I wanted to write a post about getting a job as a data scientist. But my god, there are so many already out there. There’s advice about portfolio building. There’s listicles filled with suggested skills. There are template answers to common interview questions. Reading all these got me thinking - what kind of candidates is this community creating?
From where I’m standing, it doesn’t look good.
Granted, I’ve never worked in a large data science team. Plus, I was kind of grandfathered in to data science, having worked in plain old data analysis and BI for a while. But it seems to me that those articles filled with skills and portfolio advice are building average candidates. This wouldn’t matter so much if data science was as commoditised as accounting. But it’s not.
The value that the first or second analytics hire can have on a business is crazy. It can (and should) be like turning on the lights. There are so many companies in the dark, and they’re all looking for exceptional, interesting, and confident analysts. If they’re not yet, they soon will be.
If you’re a business that’s looking to make an impactful hire, here’s my advice:
Education doesn’t matter. I’m sick of seeing job ads that say a PhD is necessary. Be honest with yourself - if you won’t need these people to do research (and in some cases even if you do), let the PhDs alone.
It may look good on your org-chart but it’s bad for humanity. It takes a lot of work to get a PhD. These people are (or at least were) driven by a passion for discovery, for working at the fringes. If you’re just going to have them write code and nudge your growth chart up and to the right, let science keep them. Please, science needs them.
Of course it’s their choice what they do with their careers. But a PhD data scientist’s salary looks very convincing to someone who has just spent 4 years on a stipend. Ask them if they’d take the job for half the money. If they say yes, pay them more than they asked for - they’re well worth keeping and your mission is obviously important.
You shouldn’t cut data science salaries. That would be silly.
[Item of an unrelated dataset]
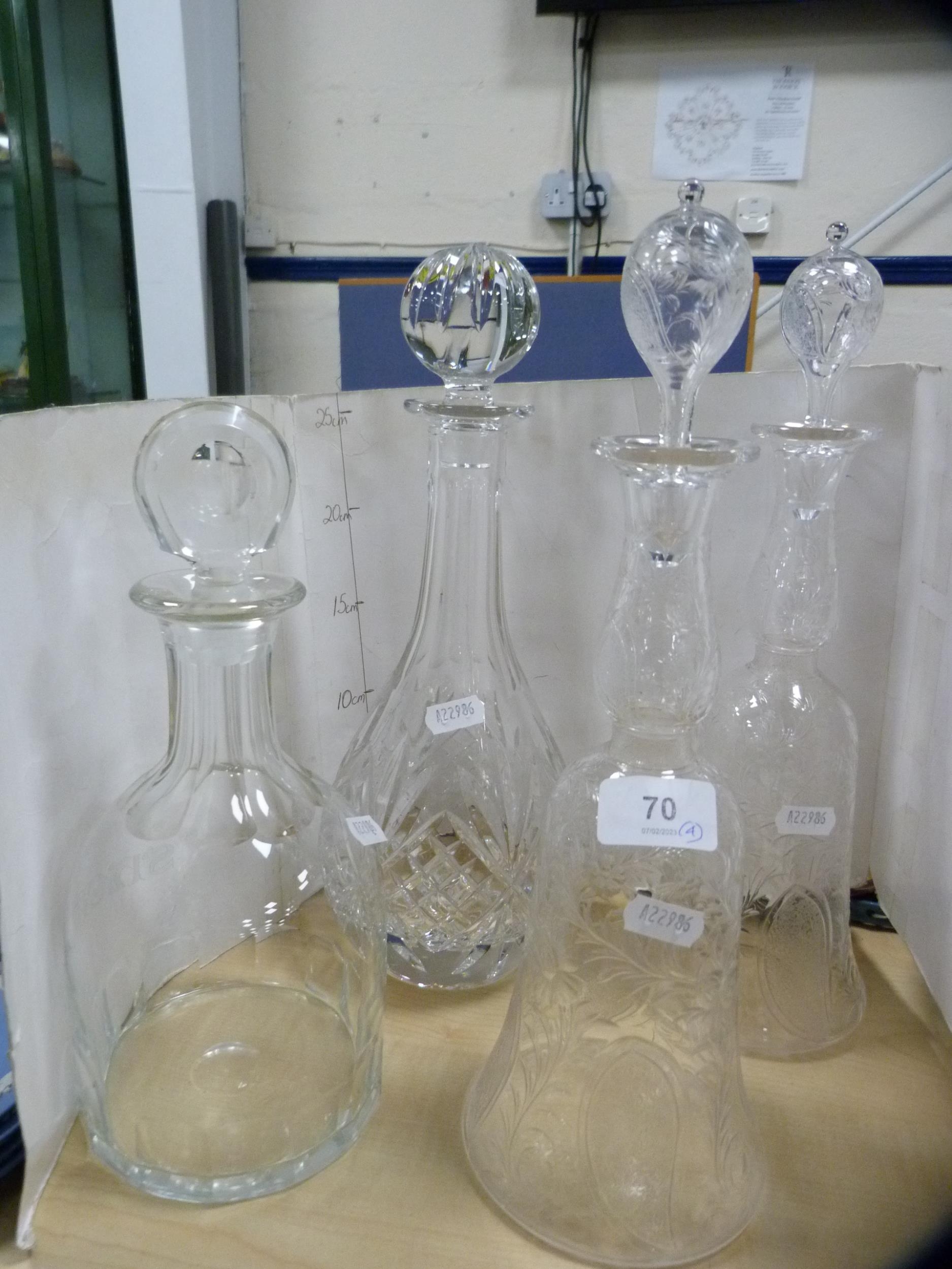 Pair of Late Victorian Bells glass decanters and stoppers and another two decanters and stoppers. (4)

Don’t trick yourself though, the reason these people will work on upping your CTR is the same reason the last generation of STEM PhDs went to work on Wall St.
So how about MOOCs?
The best data scientists that I’ve seen have learnt their skills in online courses. This is totally true but has an important caveat. These people worked in a business, developed domain expertise, took machine learning and statistics courses, and combined those skills with their knowledge to have tremendous impact.
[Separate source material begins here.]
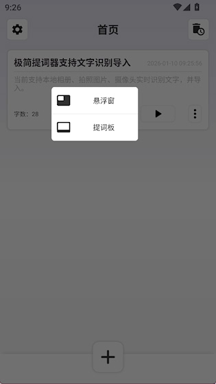 3、点击黑色三角开始提词,有悬浮窗和提词板两种模式

I haven’t seen a lot of people with a MOOC-only background come from outside a company to make big waves within it. I think that has less to do with the quality of the education and more to do with a lack of business-specific (or maybe business in general) experience.
So what should you do?
Well, let me ask you this. Have you ever hired an HR assistant who didn’t study for a BA in Human Resources? Have you ever hired a software developer that studied music or a accountant with an MSc in Geography? Have you ever hired a head of customer service who didn’t go to university at all but has buckets of life experience?
By hiring only those with computer science or statistics degrees we’re building a monoculture. Relying on qualifications is the default when you have no idea what the person will be doing. So learn. And then judge candidates by the same heuristics you would use for any other position.
The success of Kaggle is the failure of curiosity. Do you have any idea how many data problems I want to solve at any given moment? A lot.
The worlds of business, science, sport, social networks, news, finance, natural resources, politics, economics, and medicine are filled to the brim with open problems. Any data scientist who isn’t curious enough to fetch, clean, manage, and analyse data, and tell a story about a problem that they care about isn’t one that you should hire.
If you ask a candidate to describe a recent project and you can’t get them to stop talking for 15 minutes - hire them.
Cleaned datasets and predefined goals are anathema to the scientist. You should ask candidates how they found problems to solve. If the answer is Kaggle, and you like that answer, be prepared to always feed your new hire new problems to work on.
You might think that because I’m so obviously in support of the scientific endeavour that I’d advise you to look beyond charts and graphs and visualisations. Nope. How data scientists communicate their solution to a problem is one of the most (if not the most) important thing they’ll do in their job.
Look at the charts. Ask questions. If you don’t understand what you’re looking at by the end of the interview, don’t hire that person.
That leads us on to soft skills. A few years ago, people viewed PhDs entering industry with suspicion. They thought they’d be hard to manage, that they might be a flight risk. They protected themselves by paying them a lot of money, and by letting them mostly self-manage.
Now that’s the default.
Silicon Valley companies compete for the best in machine learning talent and in so doing breeds divas. Now everybody else is doing the same thing.
The gifted people are always the hardest to get along with, aren’t they?
That’s obviously not true.
Don’t hire someone you don’t like.
Why do you want to work here? It’s a question that hiring organisations ask all the time. But if you’re hiring for a first or second data scientist, the answer you’ll usually get is all about their opportunity to build a team or develop a new technique - the greenfield, blue-sky opportunity of using your healthy company as a host for their ambition. Like a virus.
If how a candidate sees your company is all about them and nothing about your mission, don’t hire them. They’ll leave when the greenfield turns brown.